Keep control of git. Every commit is a decision. The AI doesn't commit — you do. This minimal friction is healthy: it forces you to read what's going into the repo rather than merging blindly.

What the git log reveals

Sharebox's recent commit history shows something interesting: the latest commits are almost all corrections and hardening, not features.

Sanitising filenames in Content-Disposition to prevent injection. Fixing an iOS hoisting bug where browser detection was called before initialisation. Fixing a subtitle cache poisoning caused by browser caching. Fixing a duplicate ffmpeg process spawned from parallel requests.

That's the reality of AI pair programming on a project built over a few days: the iteration speed is real. You reach a first working state quickly. Then the consolidation work begins — and there, the AI is less useful than during the build phase. Timing bugs, race conditions, browser edge cases: the AI proposes solutions, but diagnosing the actual problem often requires careful log reading that the AI can't do for you.

The refactoring is visible too: over 1000 lines of JS/CSS extracted into separate files. That cleanup, I wanted it. The AI executed it well, but it didn't need it — it would have kept adding code to the same file without complaint.

Conclusion

Sharebox works. It runs on a NAS, serves movies, handles subtitles, survives parallel requests. It took a fraction of the time it would have taken alone.

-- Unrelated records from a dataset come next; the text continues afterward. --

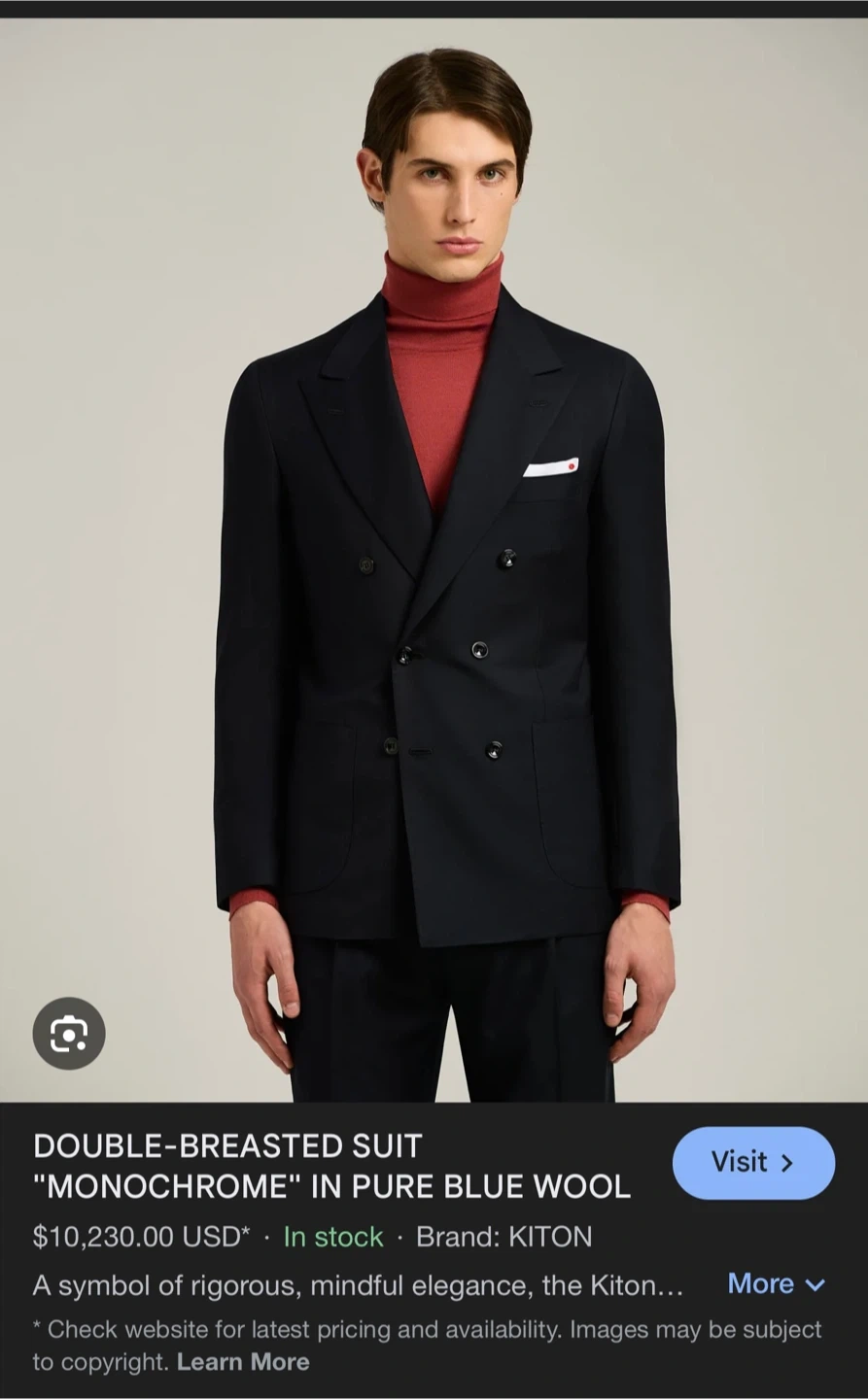Selling a KITON double-breasted suit in pure blacl wool. This suit is perfect for those who appreciate rigorous, mindful elegance. It's in great condition and ready for a new owner! It was worn three times only. One for wedding once for reception and once for a friend’s wedding. Size is 48 us.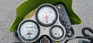 Triumph Speed Triple 955i, anno 1998, ottime condizioni motore e estetica con verniciatura originale (green roulette), assicurata storica, 65.000 km, gomma anteriore nuova, tagliandata, vendo completa di tutti i pezzi originali. (Marmitta specchietti e frecce).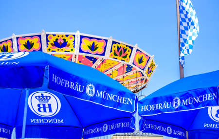 Munich, Germany - September 27: people and fairground rides at the biggest folk festival in the world - the oktoberfest on september 27, 2018 in munich.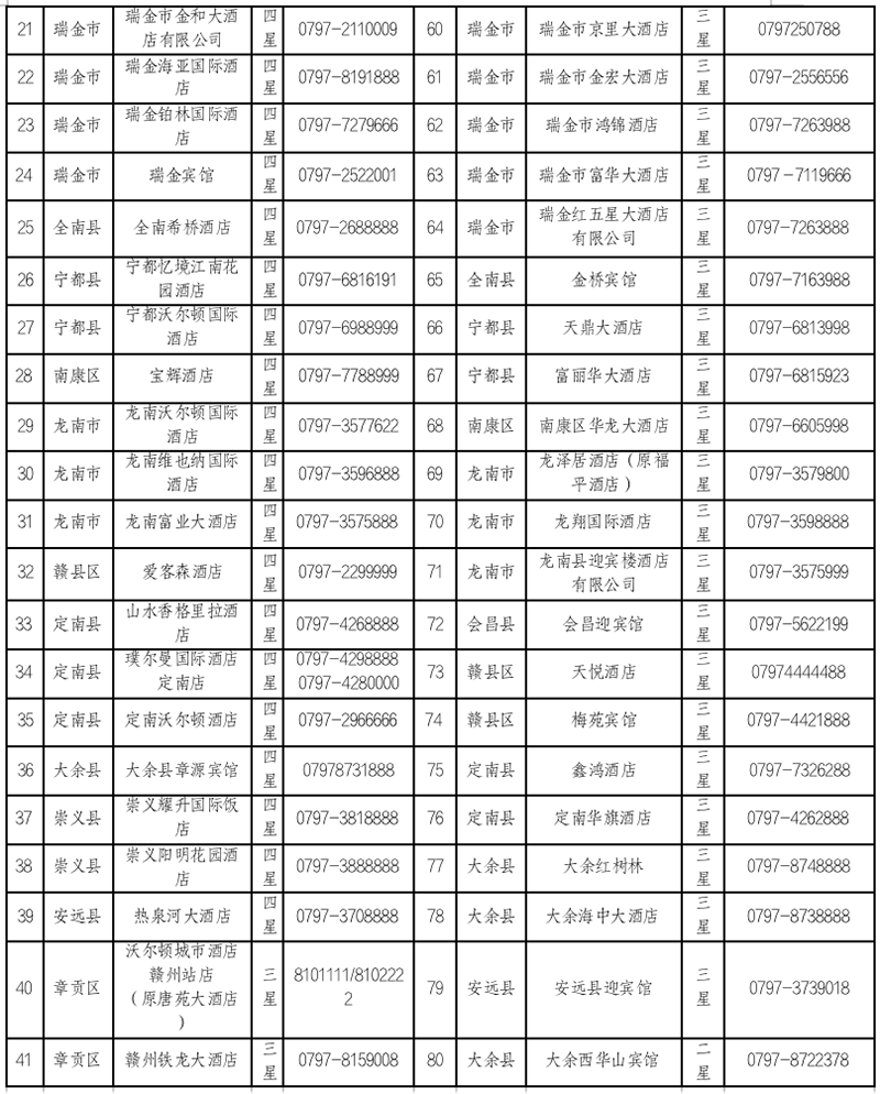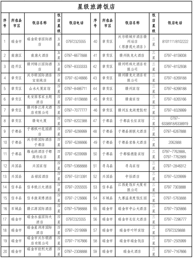 赣州星级旅游饭店和绿色饭店不完全名单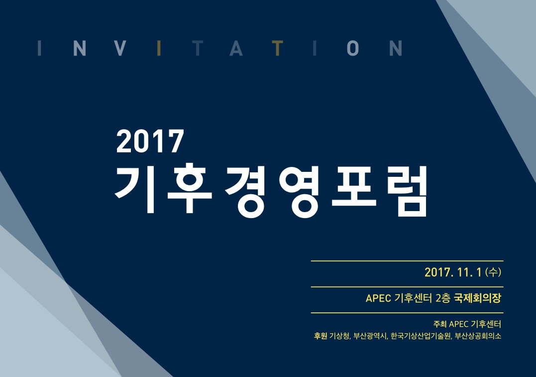 이번 2017년도 기후경영포럼은 APEC기후센터가 주관하고 기상청, 부산시, 한국기상산업기술원, 부산상공회의소가 후원한다.

What AI pair programming changed is iteration speed on known problems. Video streaming, concurrency handling, codec detection: documented domains where AI is operational fast. What it didn't change: scope decisions, architecture, the discipline not to over-engineer. Those decisions remain human, and they have direct impact on the quality of the result.

The real gain isn't "AI codes for me." It's "I have a pair available 24/7 who knows most patterns, doesn't get tired, and can implement what I validate." That's different. And it's already a lot.